Listed entries START

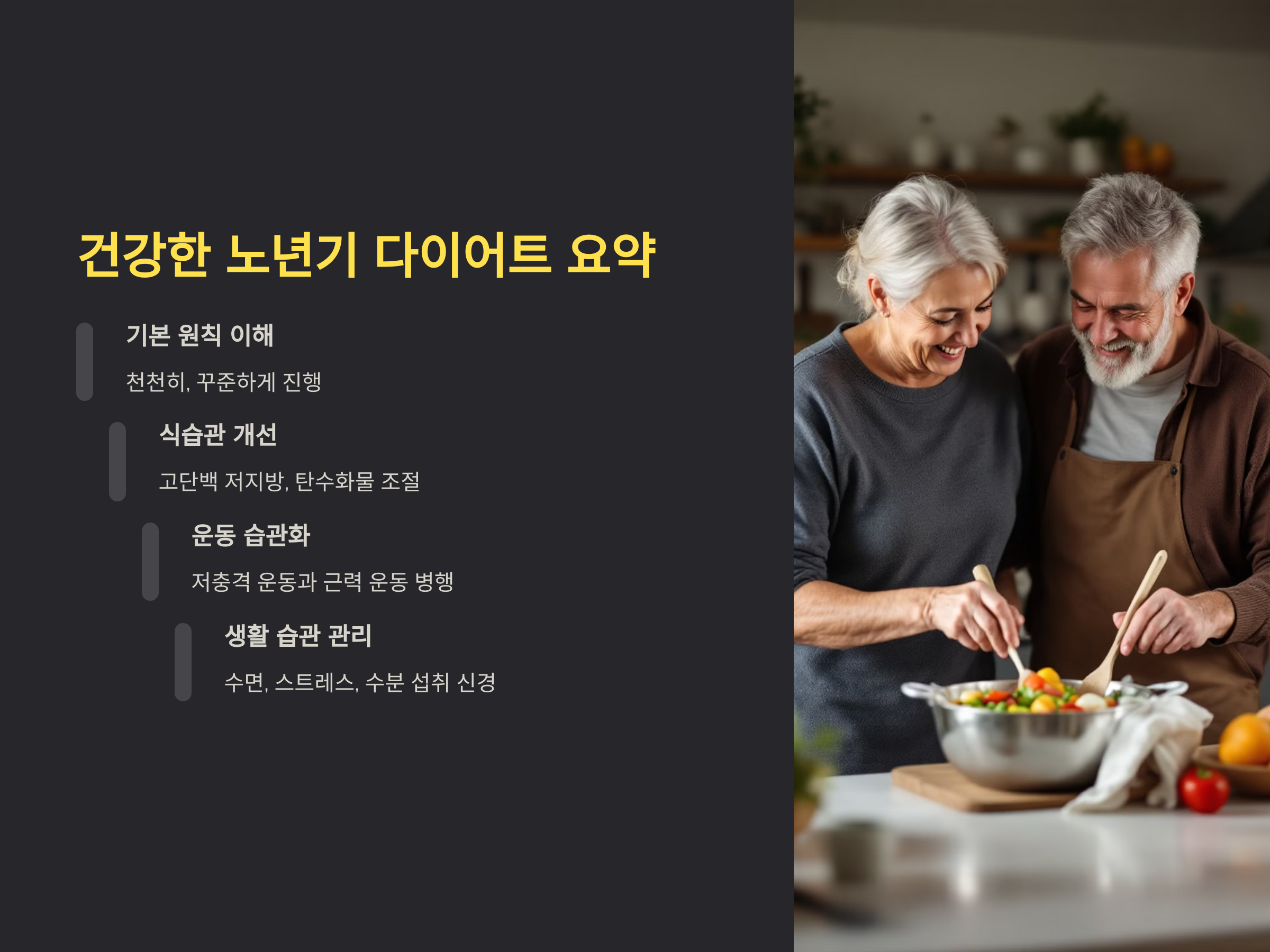 노년기에는 체중 감량에 있어 과도한 다이어트보다는 천천히, 꾸준하게 체중을 조절하는 것이 중요합니다. 나이가 들수록 신진대사가 느려지고, 근육량이 줄어들기 때문에 급격한 체중 감소는 근육 손실이나 뼈 건강에 영향을 미칠 수 있습니다. 따라서 칼로리 섭취를 적절히 줄이고, 운동을 통해 근육량을 유지하는 것이 핵심입니다.
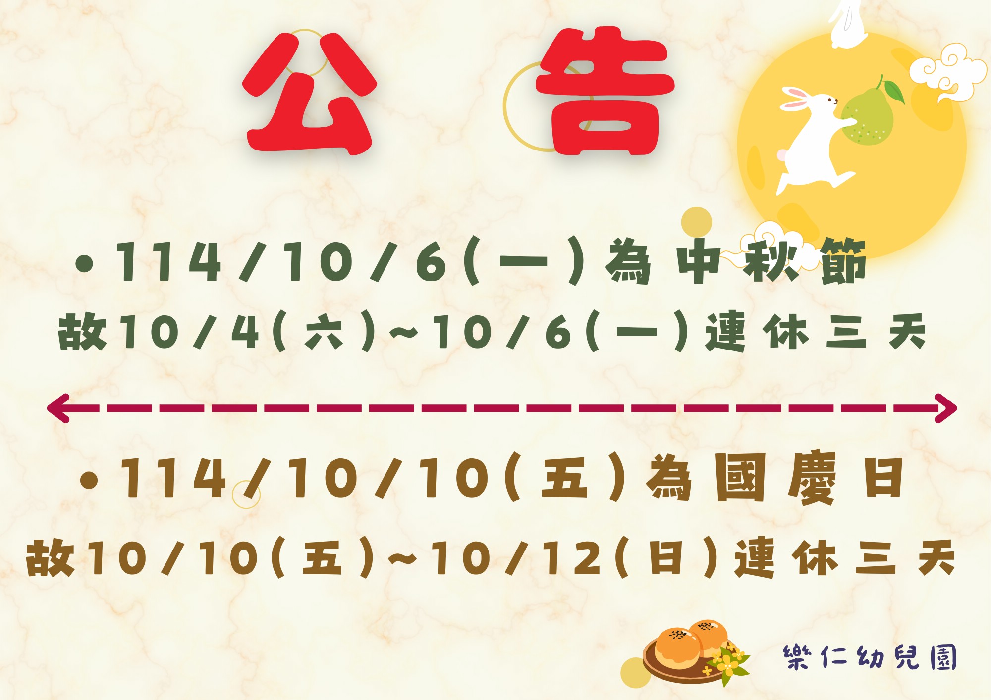 【放假公告】中秋節(連休三日)、國慶日(連休三日)
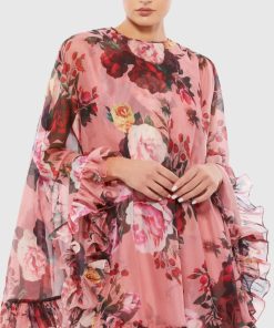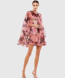 Mac Duggal Women’s Dresses Pink Multicolor Floral Print High Neck Ruffle Hem Cape Mini Dress | Pink
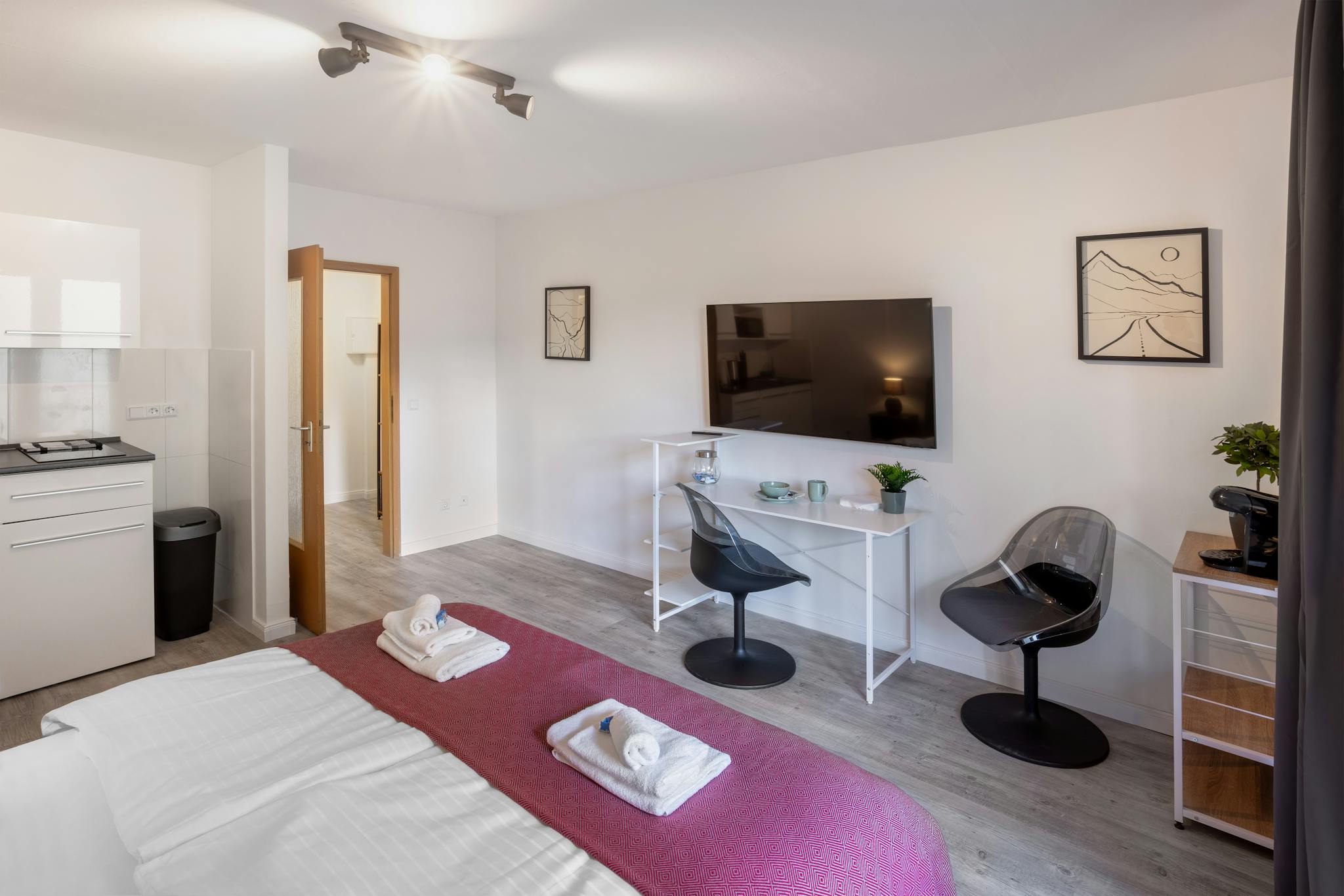 Non-SmokingNot allowedEntspanntes Wohnen im Grünen: Dieses ruhige Studio-Apartment mit Blick auf den Garten verspricht Erholung pur. Genieße den eigenen Balkon, Parkplatz & eine vollausgestattete Küche. Mit dem modernen TV endet dein Tag gemütlich. Die Straßenbahn direkt vor der Tür bringt dich in 15 Min. in die Stadtmitte oder zum Hauptbahnhof. Der Flughafen ist ebenfalls nur 15 Autominuten entfernt – ideal für Studenten und Business-Reisende, die eine ruhige Oase mit schneller Anbindung suchen.
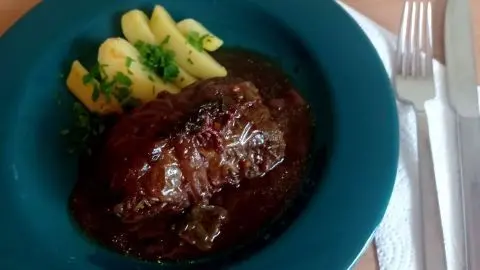 - Pro Person legt man eine Roulade zusammen mit einem Schöpflöffel der Soße auf die Teller.
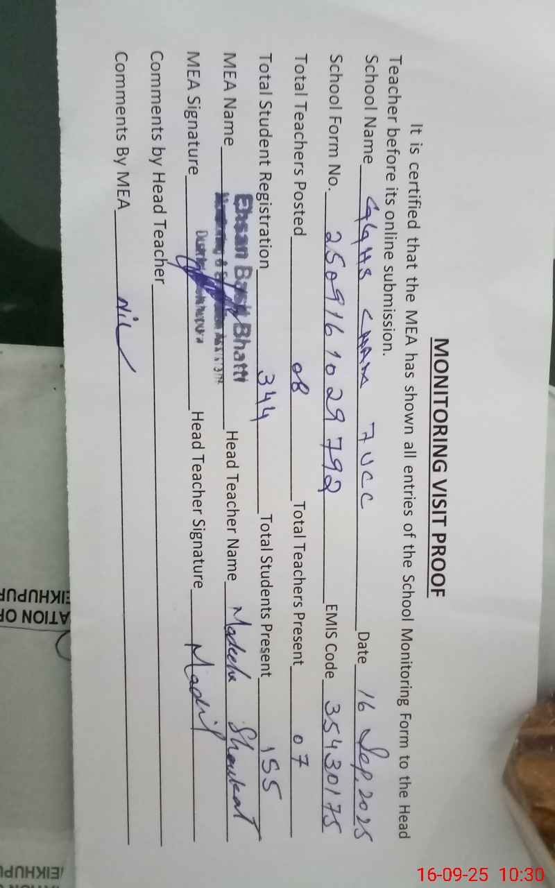 | EMIS Code: 35430175 | Name of School: GGHS CHAK 7 UCC | |||
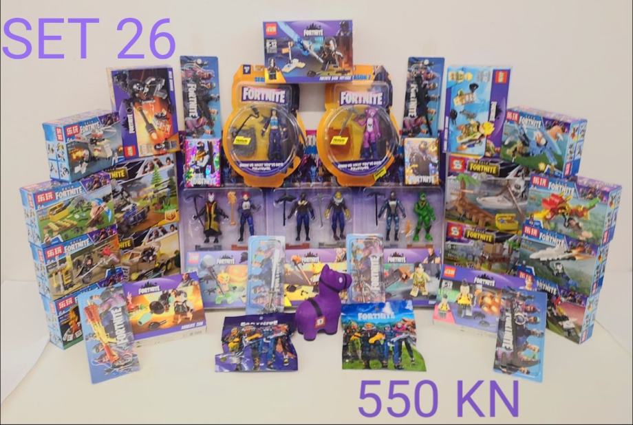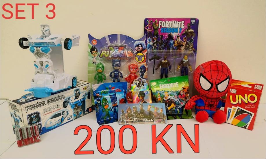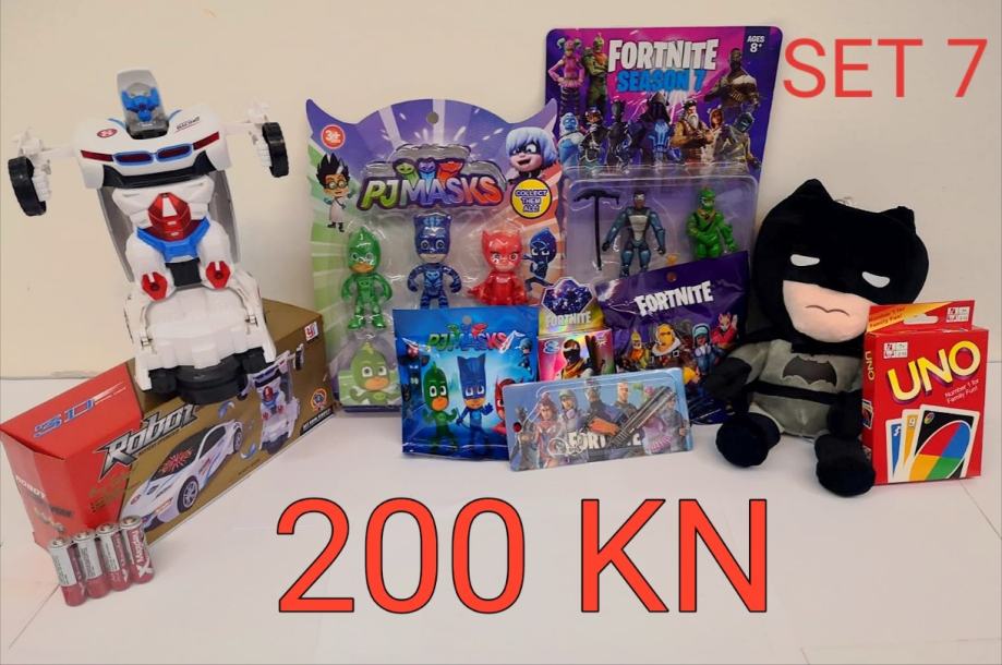 Muski setovi:plisanac, auto robot na baterije plus baterije, blister py mask, blister fortnite, vrecica fortnite i py mask, metalni privjesak fortnite, karte fortnite, karte uno
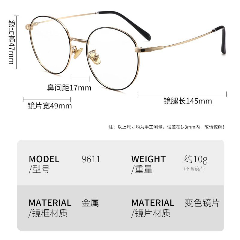 Очки металлические фотохромные с защитой от синего света 9611-2-GT

Listed entries END

## Exercise brief
Everything in the preceding material must be transcribed exactly, except the images.

## Exercise response
 노년기에는 체중 감량에 있어 과도한 다이어트보다는 천천히, 꾸준하게 체중을 조절하는 것이 중요합니다. 나이가 들수록 신진대사가 느려지고, 근육량이 줄어들기 때문에 급격한 체중 감소는 근육 손실이나 뼈 건강에 영향을 미칠 수 있습니다. 따라서 칼로리 섭취를 적절히 줄이고, 운동을 통해 근육량을 유지하는 것이 핵심입니다.
 【放假公告】中秋節(連休三日)、國慶日(連休三日)
 Mac Duggal Women’s Dresses Pink Multicolor Floral Print High Neck Ruffle Hem Cape Mini Dress | Pink
 Non-SmokingNot allowedEntspanntes Wohnen im Grünen: Dieses ruhige Studio-Apartment mit Blick auf den Garten verspricht Erholung pur. Genieße den eigenen Balkon, Parkplatz & eine vollausgestattete Küche. Mit dem modernen TV endet dein Tag gemütlich. Die Straßenbahn direkt vor der Tür bringt dich in 15 Min. in die Stadtmitte oder zum Hauptbahnhof. Der Flughafen ist ebenfalls nur 15 Autominuten entfernt – ideal für Studenten und Business-Reisende, die eine ruhige Oase mit schneller Anbindung suchen.
 - Pro Person legt man eine Roulade zusammen mit einem Schöpflöffel der Soße auf die Teller.
 | EMIS Code: 35430175 | Name of School: GGHS CHAK 7 UCC | |||
 Muski setovi:plisanac, auto robot na baterije plus baterije, blister py mask, blister fortnite, vrecica fortnite i py mask, metalni privjesak fortnite, karte fortnite, karte uno
 Очки металлические фотохромные с защитой от синего света 9611-2-GT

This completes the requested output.